--- Source data ---
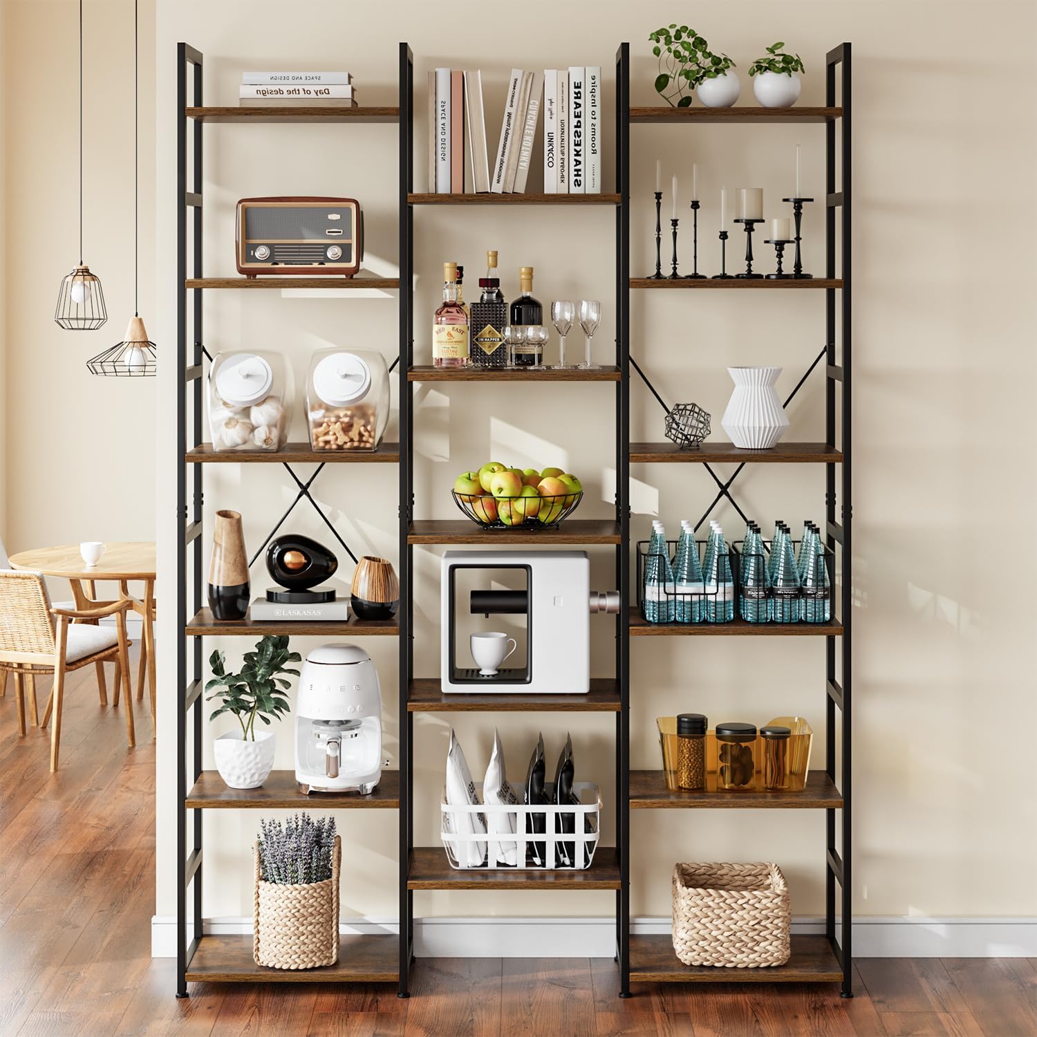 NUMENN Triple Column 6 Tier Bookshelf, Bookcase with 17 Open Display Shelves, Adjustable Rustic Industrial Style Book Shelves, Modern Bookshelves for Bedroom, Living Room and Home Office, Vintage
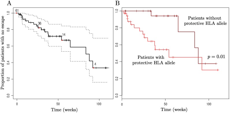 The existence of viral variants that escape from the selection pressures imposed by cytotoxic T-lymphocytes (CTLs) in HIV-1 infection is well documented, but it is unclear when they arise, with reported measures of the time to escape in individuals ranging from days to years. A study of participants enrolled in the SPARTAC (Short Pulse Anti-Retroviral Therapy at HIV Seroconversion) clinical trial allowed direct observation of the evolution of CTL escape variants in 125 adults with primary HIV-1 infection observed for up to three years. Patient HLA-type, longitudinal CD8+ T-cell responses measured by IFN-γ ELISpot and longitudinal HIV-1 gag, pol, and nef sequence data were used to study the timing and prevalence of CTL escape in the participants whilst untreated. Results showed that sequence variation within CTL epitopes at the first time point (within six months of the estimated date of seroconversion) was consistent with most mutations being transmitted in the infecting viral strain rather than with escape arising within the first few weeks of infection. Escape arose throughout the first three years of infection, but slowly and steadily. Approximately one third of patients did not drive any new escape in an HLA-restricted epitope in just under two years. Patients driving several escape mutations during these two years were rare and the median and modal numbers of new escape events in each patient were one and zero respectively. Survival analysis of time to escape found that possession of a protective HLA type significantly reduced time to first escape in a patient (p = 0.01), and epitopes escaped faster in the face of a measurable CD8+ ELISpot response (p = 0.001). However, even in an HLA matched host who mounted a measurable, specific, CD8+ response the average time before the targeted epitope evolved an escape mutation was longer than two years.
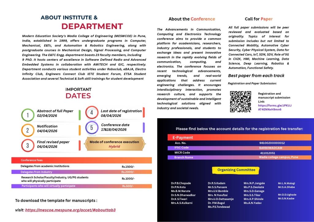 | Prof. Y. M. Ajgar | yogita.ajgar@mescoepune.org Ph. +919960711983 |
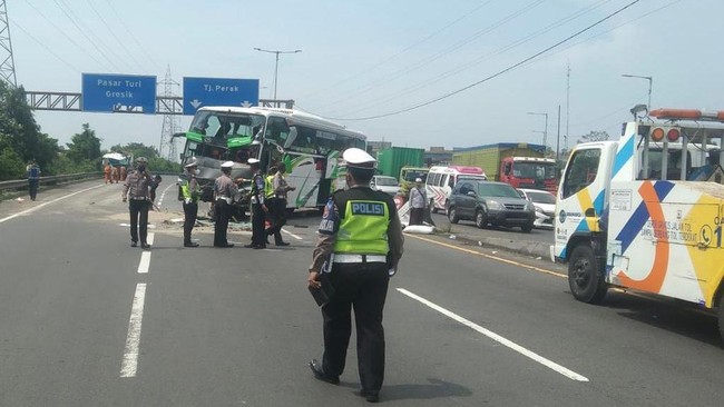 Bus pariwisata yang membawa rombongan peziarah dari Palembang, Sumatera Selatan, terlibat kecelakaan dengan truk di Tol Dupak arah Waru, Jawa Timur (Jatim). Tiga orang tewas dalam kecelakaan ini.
---
--- Source data ---
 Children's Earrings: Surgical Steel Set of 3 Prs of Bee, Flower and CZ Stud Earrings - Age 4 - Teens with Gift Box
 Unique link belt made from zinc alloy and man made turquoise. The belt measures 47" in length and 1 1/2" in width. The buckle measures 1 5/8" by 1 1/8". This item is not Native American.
---
Task brief: Look above for the line with "Ph. +919960711983 |"; quote it and every line after it, stopping after the line with "Bus pariwisata yang", exactly, with nothing added and without pictures.

Result for this task:
 | Prof. Y. M. Ajgar | yogita.ajgar@mescoepune.org Ph. +919960711983 |
 Bus pariwisata yang membawa rombongan peziarah dari Palembang, Sumatera Selatan, terlibat kecelakaan dengan truk di Tol Dupak arah Waru, Jawa Timur (Jatim). Tiga orang tewas dalam kecelakaan ini.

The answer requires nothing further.